Task input -
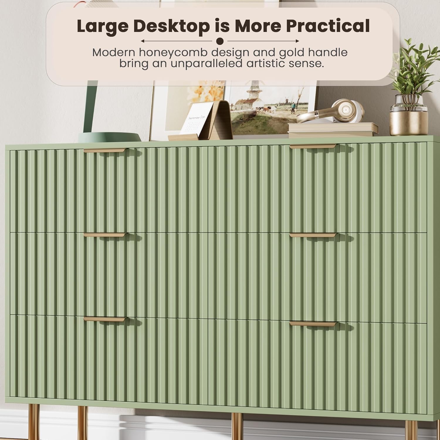 Green 6 Drawer Dresser for Bedroom, Fluted 47.2" Wide Modern Chest of Drawers with Deep Drawers, Long Large Double Dresser TV Stand for Living Room, Hallway, Kids Room
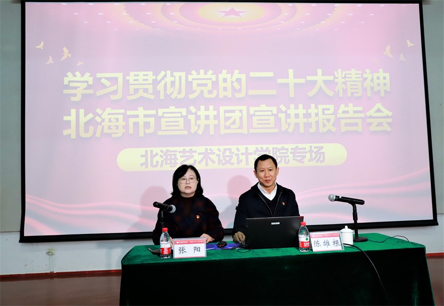 12月8日上午,北海市宣讲团成员北海市人民政府经济研究中心党组书记、主任陈雄根到我校开展题为《学习党的二十大报告》的专题宣讲。我校党委书记张阳主持报告会。
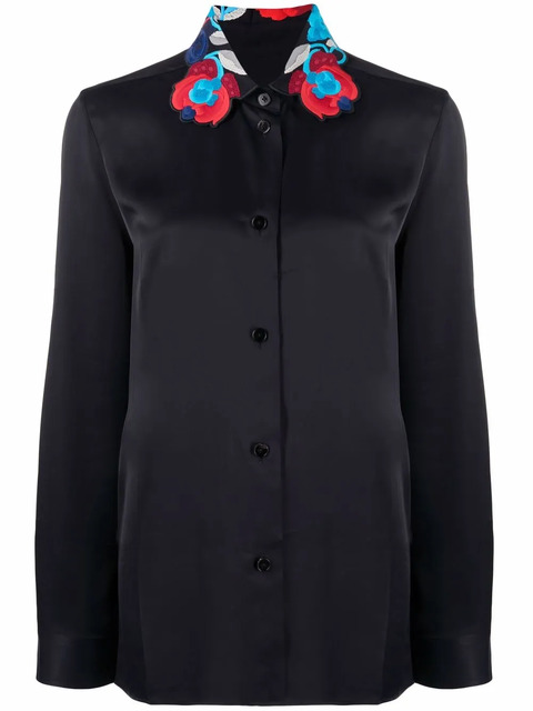dark navy blue satin finish floral-embroidered collar long sleeves buttoned cuffs front button fastening
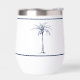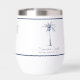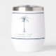 Add your own special touch to this simply elegant tumbler design featuring your family name or phrase and established date and palm tree in blue along with a blue border.
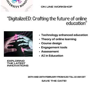 У оквиру актуелног Еразмус+К2 пројекта „Различитост повезује – изазови модерног образовања“, пројектни тим наше школе припрема обуку за све заинтересоване наставнике под називом „DigitalizeED: Crafting the future of online education“, која ће обухватити следеће:
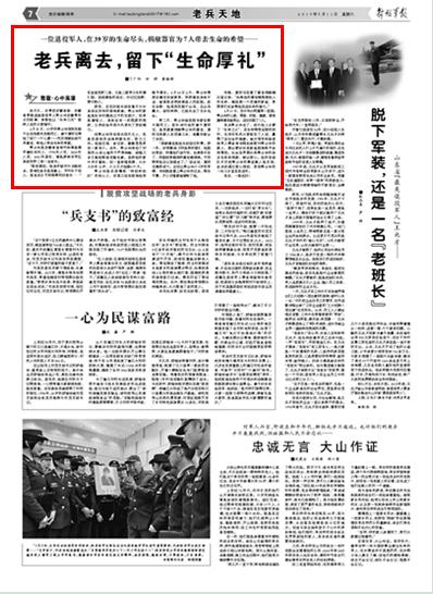 老兵季必林走了,卻為他人點燃了“生命之火”,在生命得到延續(xù)的同時,也將無私的大愛留在了人間,贏得了全社會的敬意。地方領導和縣退役軍人事務局專程前來慰問季必林的家人,提出要針對其家庭困難給予扶持幫助。社會各界群眾和季必林的戰(zhàn)友也紛紛捐款,獻出愛心。他的老部隊不僅把季必林的事跡載入連史館,還決定通過愛心捐助,資助季必林的一對兒女直至其成年。
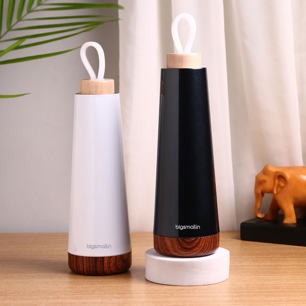 Introducing the TerraLoop Bottle – a perfect harmony of natural textures and modern design. With a sleek silhouette, wood-textured base, and bamboo lid, this bottle is crafted for those who appreciate beauty in the details. Available in classic black or pure white, and customizable with your name, it’s more than just a bottle—it’s a reflection of you.
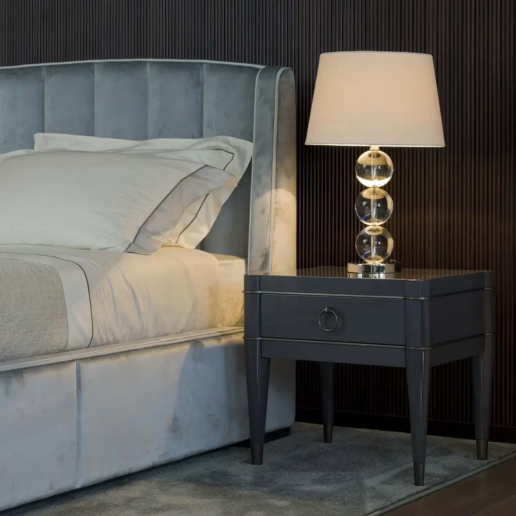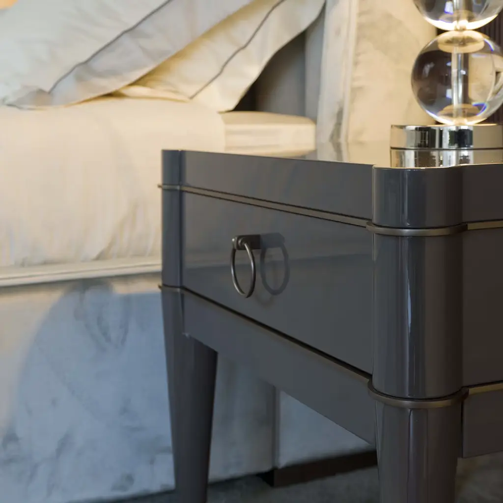 A charming addition to a bed frame, this nightstand is an exquisite presence in a classic home, thanks to its expert craftsmanship, high quality materials, and stunning details. The solid wood structure of this piece is adorned at the feet, around the perimeter, and in the handle of the front drawer with metal with a bronze finish. The top and front boast a lacquered finish, while the drawer, equipped with Bluemotion guides, has a back lined in faux-leather. The metal inserts are also available in satin-finished brass.
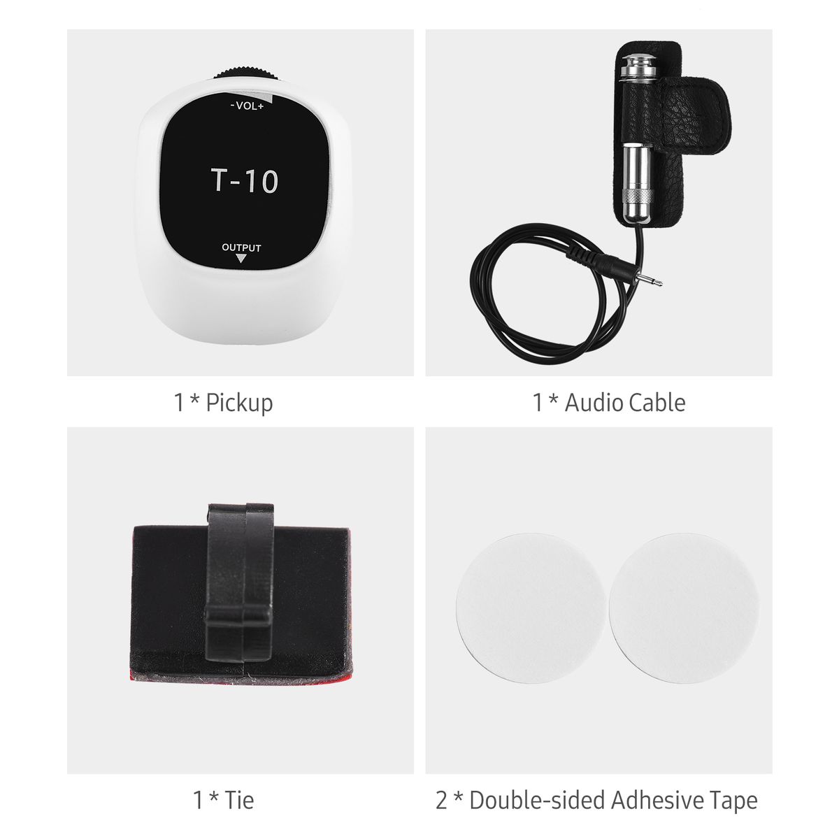 1 x Pickup,1 x Audio Cable,1 x Tie,2 x Double-sided Adhesive Tape
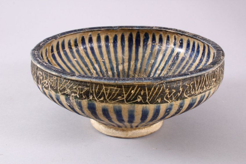 AN EARLY NISHAPUR POTTERY BOWL, the exterior with bands off calligraphy , with blue stripe decoration, 21cm diameter (af)

What you have to do - Pictures are to be left out while the lines from the beginning of the records through the line with "Introducing the TerraLoop" are copied word for word.

Solved exercise -
 Green 6 Drawer Dresser for Bedroom, Fluted 47.2" Wide Modern Chest of Drawers with Deep Drawers, Long Large Double Dresser TV Stand for Living Room, Hallway, Kids Room
 12月8日上午,北海市宣讲团成员北海市人民政府经济研究中心党组书记、主任陈雄根到我校开展题为《学习党的二十大报告》的专题宣讲。我校党委书记张阳主持报告会。
dark navy blue satin finish floral-embroidered collar long sleeves buttoned cuffs front button fastening
 Add your own special touch to this simply elegant tumbler design featuring your family name or phrase and established date and palm tree in blue along with a blue border.
 У оквиру актуелног Еразмус+К2 пројекта „Различитост повезује – изазови модерног образовања“, пројектни тим наше школе припрема обуку за све заинтересоване наставнике под називом „DigitalizeED: Crafting the future of online education“, која ће обухватити следеће:
 老兵季必林走了,卻為他人點燃了“生命之火”,在生命得到延續(xù)的同時,也將無私的大愛留在了人間,贏得了全社會的敬意。地方領導和縣退役軍人事務局專程前來慰問季必林的家人,提出要針對其家庭困難給予扶持幫助。社會各界群眾和季必林的戰(zhàn)友也紛紛捐款,獻出愛心。他的老部隊不僅把季必林的事跡載入連史館,還決定通過愛心捐助,資助季必林的一對兒女直至其成年。
 Introducing the TerraLoop Bottle – a perfect harmony of natural textures and modern design. With a sleek silhouette, wood-textured base, and bamboo lid, this bottle is crafted for those who appreciate beauty in the details. Available in classic black or pure white, and customizable with your name, it’s more than just a bottle—it’s a reflection of you.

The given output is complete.